* Directions for this task:
Among the lines below, the one containing "Et bra knippe med kjøretøy" opens the range and the one containing "Slika 3 – Kohezija u timu" closes it. Print that range exactly, without the pictures.

:: Material for this task

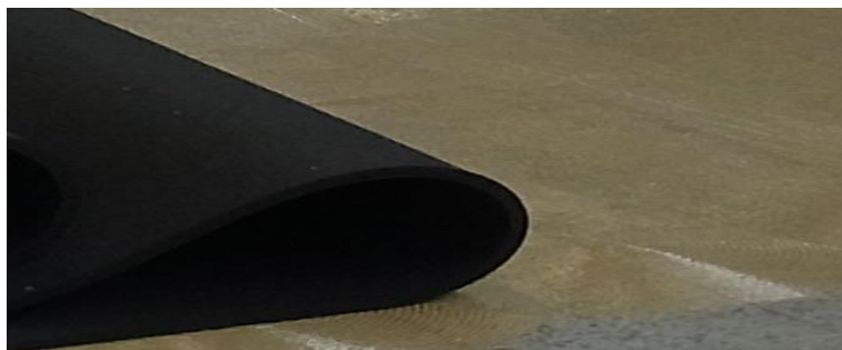
Obr. 2: Instalace podlahy SPORTEC®
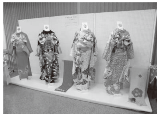
城乾市民センター教養講座発表会の様子
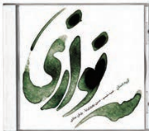
شکل ۲۸ - ۴ - طراحی برای لوح فشرده (CD)
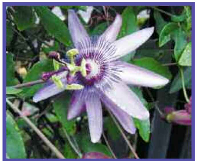
“Soledad, silencio, pobreza, desprendimiento y la penitencia además, naturalmente de la oración y la meditación, son el hábitat en el cual se cultiva y florece la flor de la Pasión.”

En la Carta Circular a la Congregación del 15 de abril de 1985 con motivo de la publicación de las Constituciones, Mons. Paul Boyle entonces Superior General, escribía: “El 12 de marzo de 1984, fiesta de la Conmemoración Solemne de la Pasión, han sido aprobadas formalmente nuestras nuevas Constituciones, como expresión auténtica de nuestro carisma y de nues-
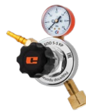
БПО-5-5 KP крупногобаритный

Редукторы БПО предназначены для понижения и регулирования давления газа, поступающего из баллона, и автоматического поддержания постоянного рабочего давления. Пропановые редукторы изготавливаются с одним манометром, показывающим рабочее давление газа.
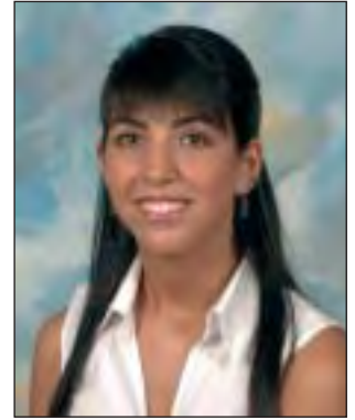
Zalditeria Aloña Aranburu Aizpitarte
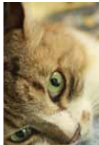
『にやに?』 3年5組 鈴木穂奈弥

千葉県立長狭高校に写真部があるのをご存じだろうか？最近5年間の全国大会は連続出場している強豪であり、今年8月に福島で行われた全国大会にも3作品が選出された。写真部の活動場所は基本的に鴨川で、自然風景や日常風景を撮影しているとのこと。また、2か月に一度は鴨川に出ることもあるそうで、過去には鎌倉や上野動物園などで撮影を行い、感性を磨いているそう。身近な鴨川を写し出す高校生の写真には、斬新な感性によって発見された新しい鴨川の姿がある。そんな描写が評価され全国大会に名を連ねているのであろう。写真部が撮影した写真はJR安房鴨川駅の跨線橋に展示されていることもあるので、通った際はぜひ注目してみてください。KamoZineの表紙を飾る日も近い!?
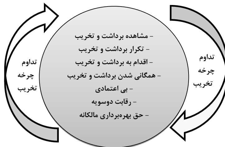
شکل ۳: پیامدهای تخریب محیط‌زیست بر رفتارهای محیط‌زیستی روستاییان
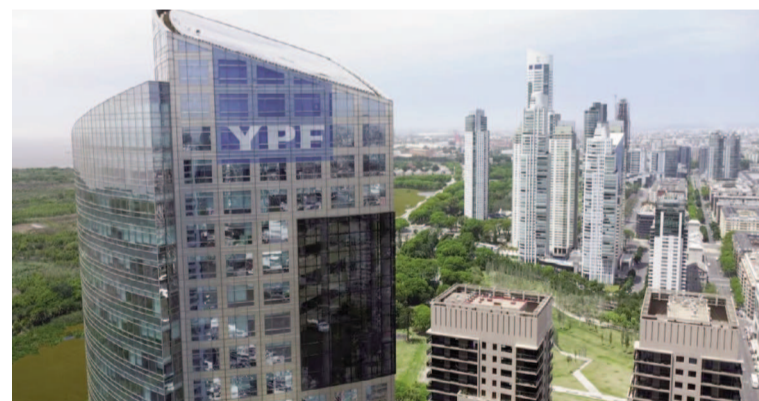
La Argentina se defiende en el caso YPF.

Los argumentos escritos de ese procedimiento por parte de la Argentina se presentarán el 25 de septiembre. Luego, será el turno de los beneficiarios del fallo. Recién después podría haber alguna resolución.
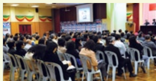
應社團邀請舉行廉潔選舉講座
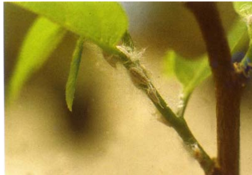
圖十之一、絲粉介殼蟲危害細枝條及果實狀
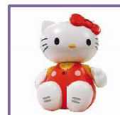
ハローキティロボ
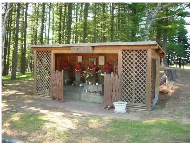
無縁供養塔左側 六地藏堂
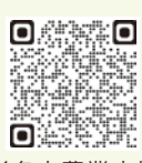
海老名市農業支援センターホームページ

法人活動の一環として農産物の収穫体験イベントを催すほか、農家と市内店舗のマッチングなどに取り組んでいます。詳細は、海老名市農業支援センターホームページをご覧ください。
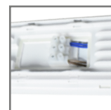
komora przyłączeniowa, możliwość zasilania przelotowego
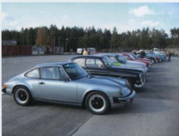
Et bra knippe med kjøretøy

Nok om dumme navn. Som sakt møttes folket til bilinspeksjon, for de som ønsket dette, og det var faktisk flere som ville ha en inspeksjon av doningen.
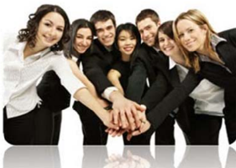
Slika 3 – Kohezija u timu

Kohezija (franc. cohésion , prema lat. cohaerere : prijanjati, biti povezan) je riječ koja se koristi u mnogim poljima, političkom, kemijskom, socijalnom itd., u našem slučaju ona je sila koja povezuje tim, članovi su odani timu, osjećaju uzajamnu privlačnost prema ostalim članovima te vole sudjelovati u timskim aktivnostima. Što je jači taj osjećaj pripadnosti i zadovoljstva u grupi to je kohezija naravno veća; jaku koheziju prepoznajemo u timovima koji su ponosni što su dio njega, solidarni su te spremni na pomoć, entuzijastični, pripremljeni na prepreke i greške, uživaju u druženju sa kolegama i izvan radnog mjesta. 8
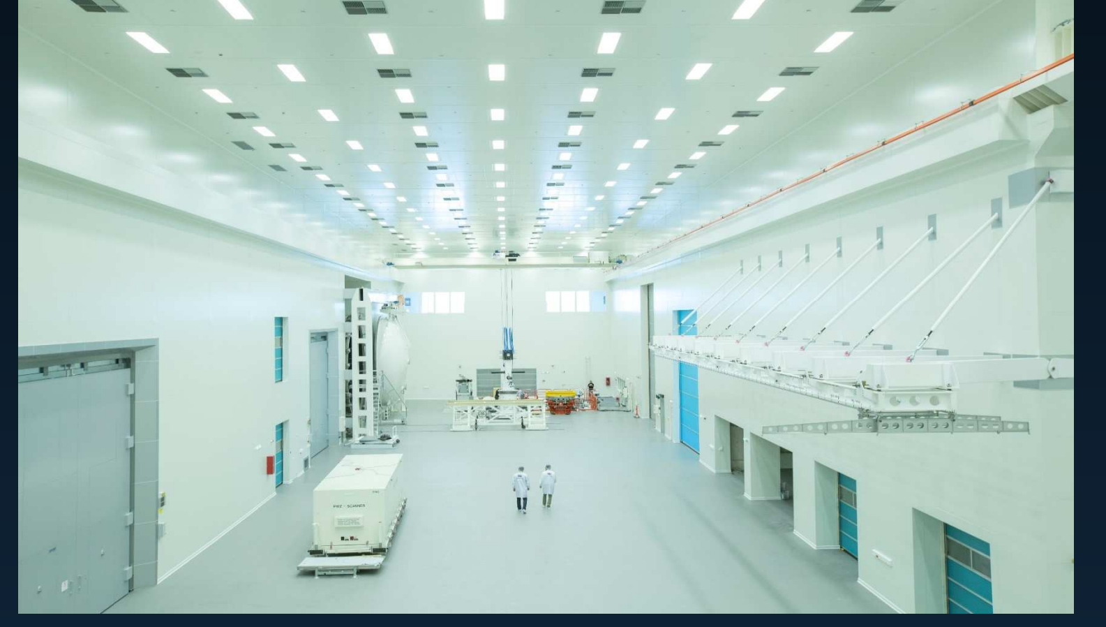
TUSAŞ Uzay Sistemleri Entegrasyon ve Test Holü
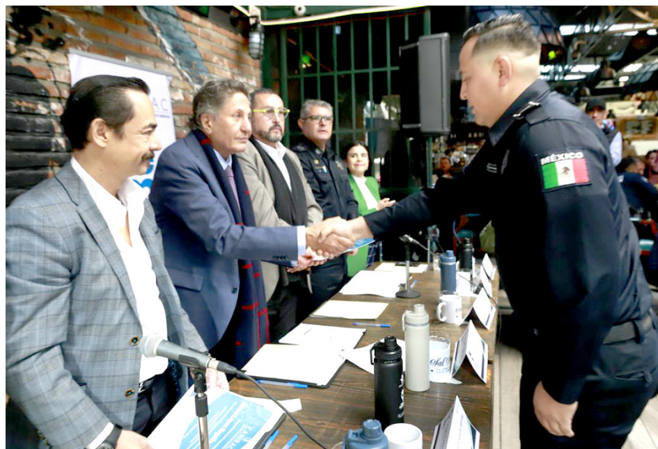
Buscan apoyar a los policías que a diario resguardan estos negocios.

En Puertas Abiertas participan más de 50 restaurantes y establecimientos de comida que se encuentran en el municipio de Zapopan, con los
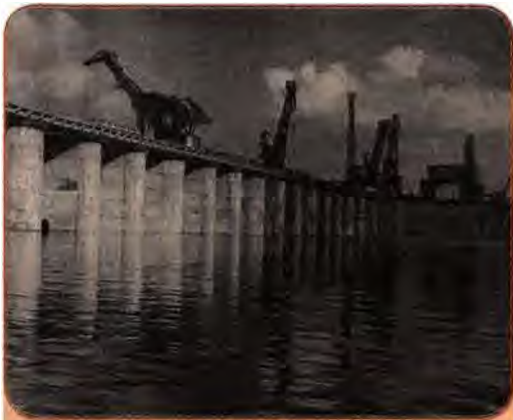
Гребля Каховської ГЕС, Херсонщина. 1955 р.
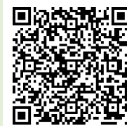
「ラーケーションの日」ポータルサイト

「ラーケーションの日」には、様々な活動ができます。どのような活動ができるのか、どうやって「ラーケーションの日」を取ればよいのかなど、興味をもった人は、おうちの方に配った「保護者用リーフレット」を見たり、右の二次元コードから、「ラーケーションポータルサイト」の「『ラーケーションの日』活動例」を見たりしながら、おうちの方と話し合ってください。
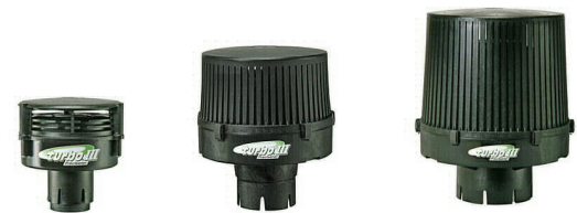
Modèle T3-2 5 - 30 KW
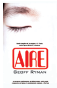
Aire Geoff Ryman La Factoría

La Habitación de Ámbar es uno de los mayores tesoros creados por el hombre. Las tropas alemanas que invadieron la Unión Soviética se hicieron con ella en 1941. Cuando los Aliados comenzaron los bombardeos fue ocultada y se convirtió en un misterio que perdura hasta nuestros días. A la juez Rachel Cutler le encantan su trabajo y sus hijos, y mantiene una relación civilizada con su ex marido Paul. Todo cambia cuando su padre muere en misteriosas circunstancias, dejando pistas acerca de un secreto llamado «la Habitación de Ámbar». Desesperada por descubrir la verdad, Rachel viaja a Alemania seguida de cerca por Paul. Enfrentados a asesinos profesionales en un juego traicionero, los dos chocan contra las fuerzas de la avaricia, el poder y la misma Historia.

::::

* Completed exercise:
Et bra knippe med kjøretøy

Nok om dumme navn. Som sakt møttes folket til bilinspeksjon, for de som ønsket dette, og det var faktisk flere som ville ha en inspeksjon av doningen.
Slika 3 – Kohezija u timu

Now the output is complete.